Say that again? Movie star Matthew McConaughey doesn’t just think he’ll be eaten by an alligator. He actually sorta hopes so.
The outspoken Texan recently did an interview with Kara Swisher’s “Sway” podcast. During the course of their chat, he mulled a run for Texas governor and danced around some of the thornier issues facing the state. But he also talked about life and death, and specifically, his preferred way to leave this Earth.
Swisher had pointed out that McConaughey’s father ultimately foresaw the manner in which he would die. Then she asked if McConaughey had any guesses as to his own passing.
“I got a feeling that I’m going down as part of the food chain,” McConaughey said. “It was—the dream was gators.”
Matthew McConaughey Speaks His Mind, For the Most Part
McConaughey is an avid outdoorsman, so his guess is not entirely outside the realm of possibility.
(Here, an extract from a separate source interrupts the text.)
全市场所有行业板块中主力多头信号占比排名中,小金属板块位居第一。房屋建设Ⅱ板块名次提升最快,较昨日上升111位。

But before that gator takes him out, he’s got plenty of items left on his to-do list.
One of them may be a Texas gubernatorial run. But on that score, McConaughey played coy, saying he’s trying to soak up more information to gauge his shot at making real change.
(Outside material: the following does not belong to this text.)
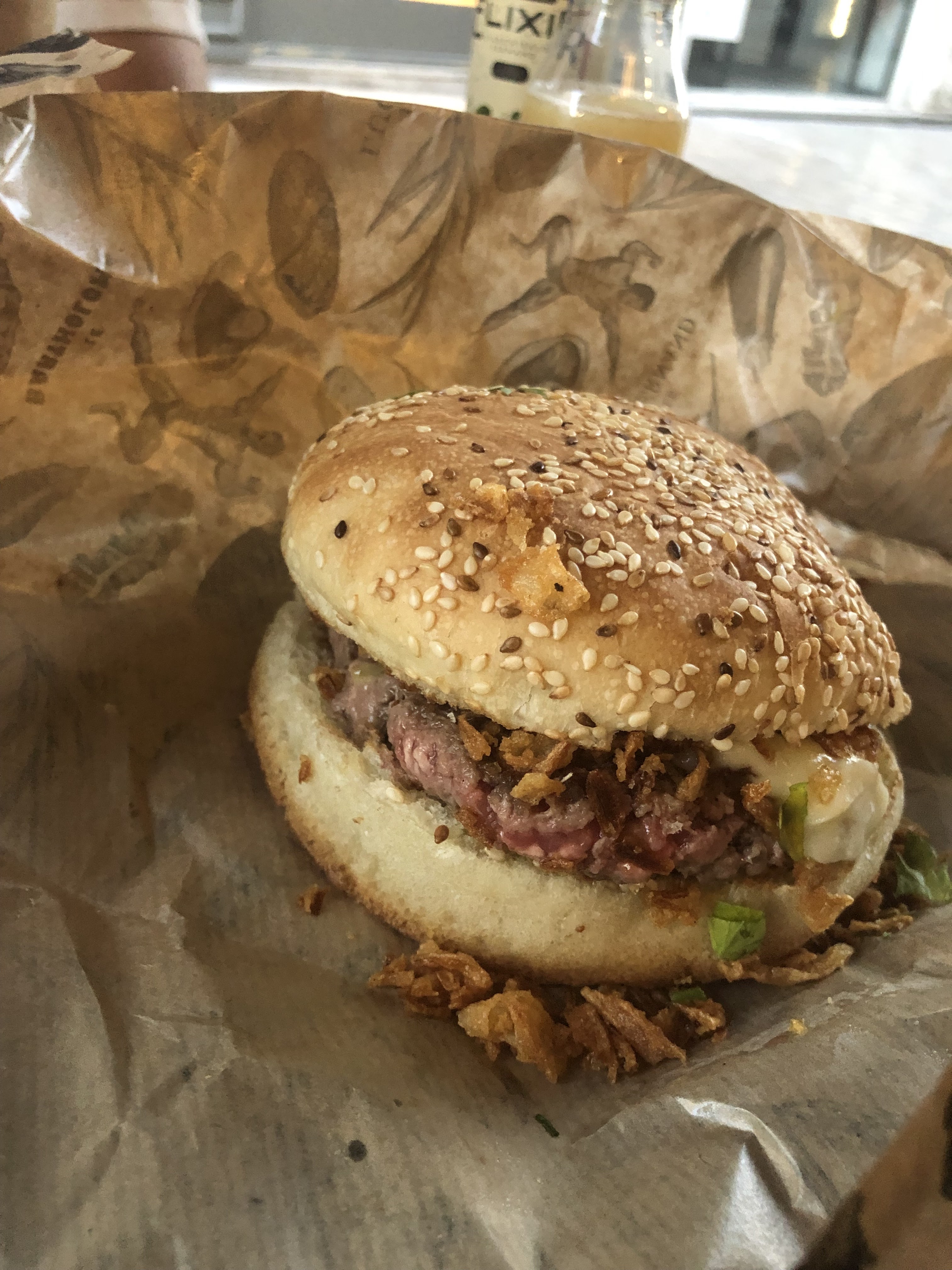 Hamburgersi revisités et superrrrr bons. Choix de la cuisson ingrédients variés. Je conseille fortement 🤗

“Eh, don’t know about politics,” he said. “Ooh, is that a place to make real change, or is it a place where, hey, right now, it’s a fixed game? You go in there, you just put on a bunch of Band-Aids in four years, and walk out, and they rip ‘em off when you’re gone. I’m not interested in that.”
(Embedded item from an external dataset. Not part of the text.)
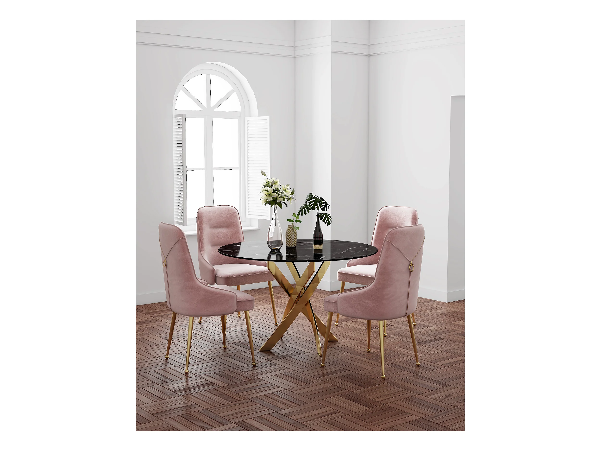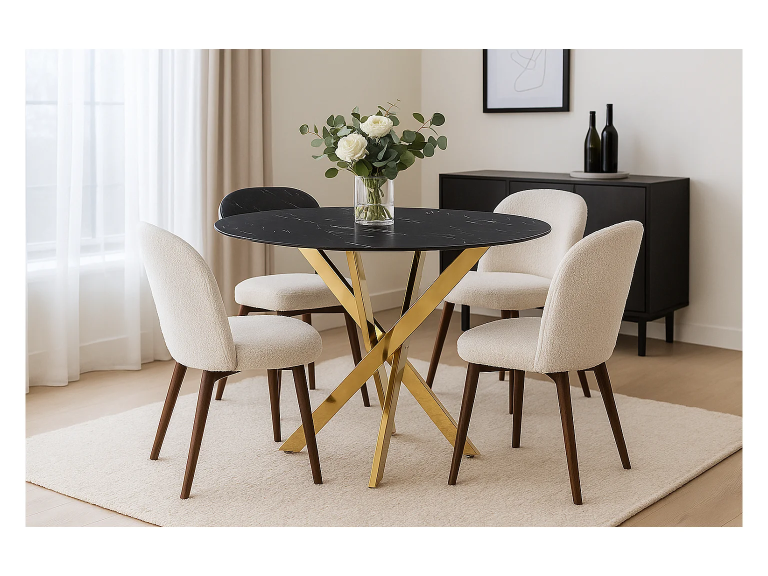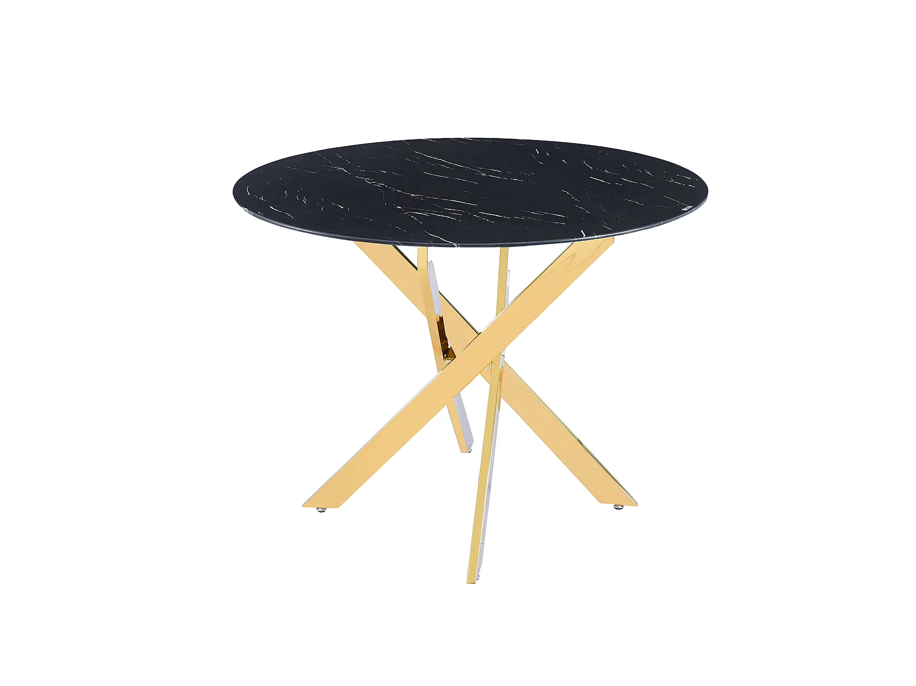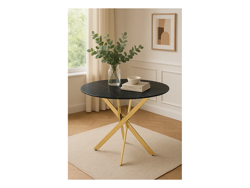 Table à manger ronde JESSICA MARBRE NOIR pieds Gold 100 cm 4 couverts

On controversial issues like masking and the state’s new six-week abortion ban, he mostly charted a middle course between left and right, which may prove a winning strategy or may leave voters from both parties dissatisfied.
“Yeah, now, the abortion— this new SB 8, six-week abortion ban— I’m not going to come out and tell you right now on this show, here’s where I stand on abortion,” McConaughey said carefully. But he added that its implementation was “a little juvenile,” and said he disapproved of the law’s failure to include a loophole for rape or incest.
As for COVID-19 precautions, McConaughey was more direct, saying wearing masks “is not a big deal.”
“That one seemed easy to me, early,” he said.
Actor Says Some Kind of Political Run Is Likely
Speaking to the “Set It Straight: Myths and Legends” podcast last month, Matthew McConaughey said he was “measuring” his chances before running for office, but went on, “Look, it’s going to be in some capacity.”
“Politics needs redefinition,” he explained. “But I’m measuring, you know, what is my category? What’s my embassy?”
In an April poll on Texas’s next governor, McConaughey won considerably more support from likely voters than current Texas Gov. Greg Abbott, 45 percent to 33 percent.
But McConaughey drew disproportionate support from Democrats, and 51 percent of them said they would prefer a progressive candidate to a centrist. Also, the poll did not include failed senate candidate Beto O’Rourke, another likely contender for Abbott’s position.
With the state’s politics increasingly polarized, McConaughey may be right that Texas needs a centrist. But is that what voters want? That remains to be seen.